# cbloom rants

## 9/12/2010

### 09-12-10 - Context Weighting vs Escaping

The defining characteristic of PPM (by modern understanding) is that you select a context, try to code from it, and if you can't you escape to another context. By contrast, context weighting selects multiple contexts and blends the probabilities. These are actually not as different as they seem, because escaping is the same as multiplying probabilities. In particular :
```
context 0 gives probabilities P0 (0 is the deeper context)
context 1 gives probabilities P1 (1 is the parent)
how do I combine them ?

escaping :

P = (1 - E) * P0 + E * (P1 - 0)

P1 - 0 = Probablities from 1 with chars from 0 excluded

weighting :

P = (1 - W) * P0 + W * P1

with no exclusion in P1

```
In particular, the only difference is the exclusion. Specifically, the probabilities of non-shared symbols are the same, but the probabilities of symbols that occur in both contexts are different. In particular the flaw with escaping is probably that it gives too low a weight to symbols that occur in both contexts.
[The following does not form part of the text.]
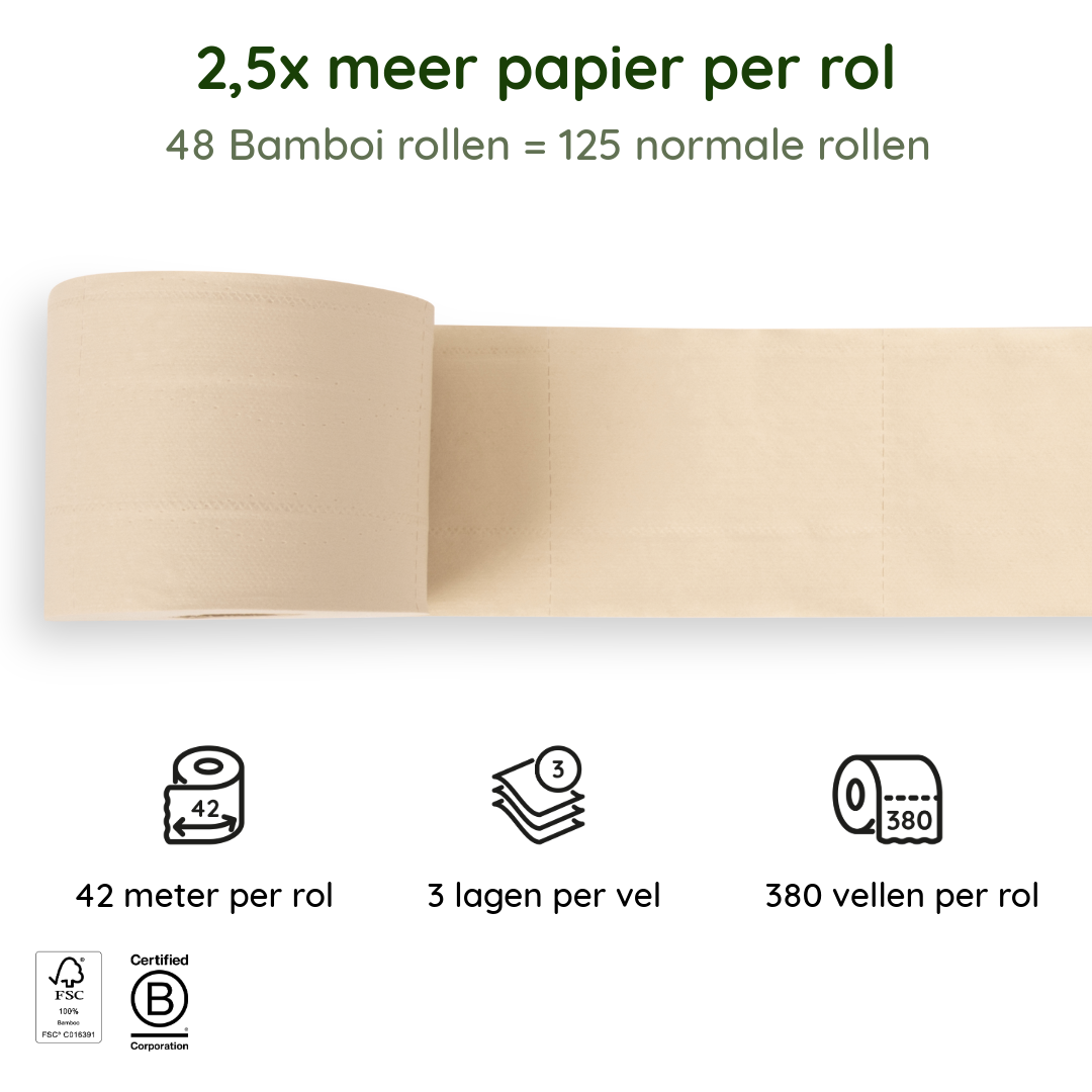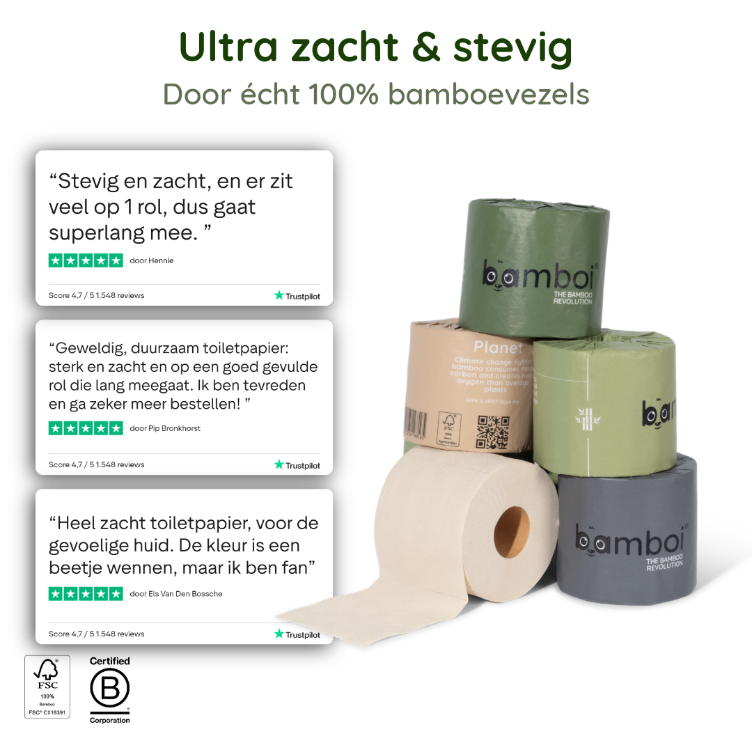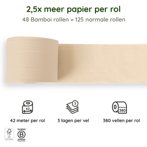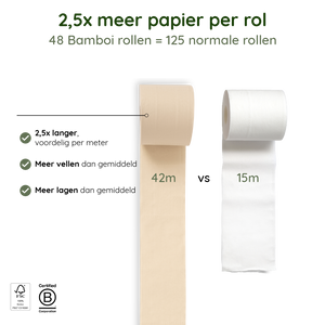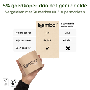 No! Bamboi® is 5% cheaper than average toilet paper. When comparing toilet paper, it's important to look at the number of layers and sheets per roll. With a subscription and including shipping costs, Bamboi® costs €0.94 per roll. That's €0.022/meter compared to €0.026/meter for average toilet paper. Because a roll of Bamboi® is 2.5 times longer, you save more per meter.

More generally you should probably be considering something like :
```
I = intersection of contexts 0 and 1

P = a * (P0 - I) + b * (P1 - I) + c * PI

```
that is, some weighting for the unique parts of each context and some weighting for the intersection.

Note that PPMii is sort of trying to compensate for this because when it creates context 0, it seeds it with counts from context 1 in the overlap.

Which obviously raises the question : rather than the context initialization of PPMii, why not just look in your parent and take some of the counts for shared symbols?

(note that there are practical issues about how your compute your weight amount or escape probability, and how exactly you mix, but those methods could be applied to either PPM or CW, so they aren't a fundamental difference).

Matt Mahoney said...

Actually the context mixing in PAQ8 is done in the logarithmic domain.

P = squash(W0 * stretch(P0) + W1 * stretch(P1))

where

stretch(P) = log(P/(1-P))

squash(P) = 1/(1 + exp(-P)) = stretch^-1(P)

This has the effect of favoring high confidence predictions near 0 or 1. So instead of combining 0.9 with 0.999 to get 0.95, you get something like 0.99 instead.

cbloom said...

Yeah I thought someone might point that out, but I didn't mention it because you can apply arbitrary warps on the probabilities in the escaping case as well. While it might be important in practice to CM doing well, it's not a fundamental difference that can't be applied back to PPM-like methods. In fact distorting probability before escaping is a classic thing to do, for example exaggerating deterministic probabilities.

What you never get in the escaping case is contribution to the probabilities of the characters in the overlapping set, which seems to me to be the biggest difference.

The other huge difference is one of convention :

In the mixing case you are effectively making a mixing weight for each context which depends on all the contexts (after you normalize the weights to sum to one). That is, the final normalized weight for c0 depends on all the other contexts.

In the escaping case, the normal operation is to compute w0 only from context 0, ignoring all other contexts. This obviously is a big difference.

Also in escaping you have to have a clear order of "I preffer this context, then this one, then this one", while in mixing you can have various contexts which are equally important.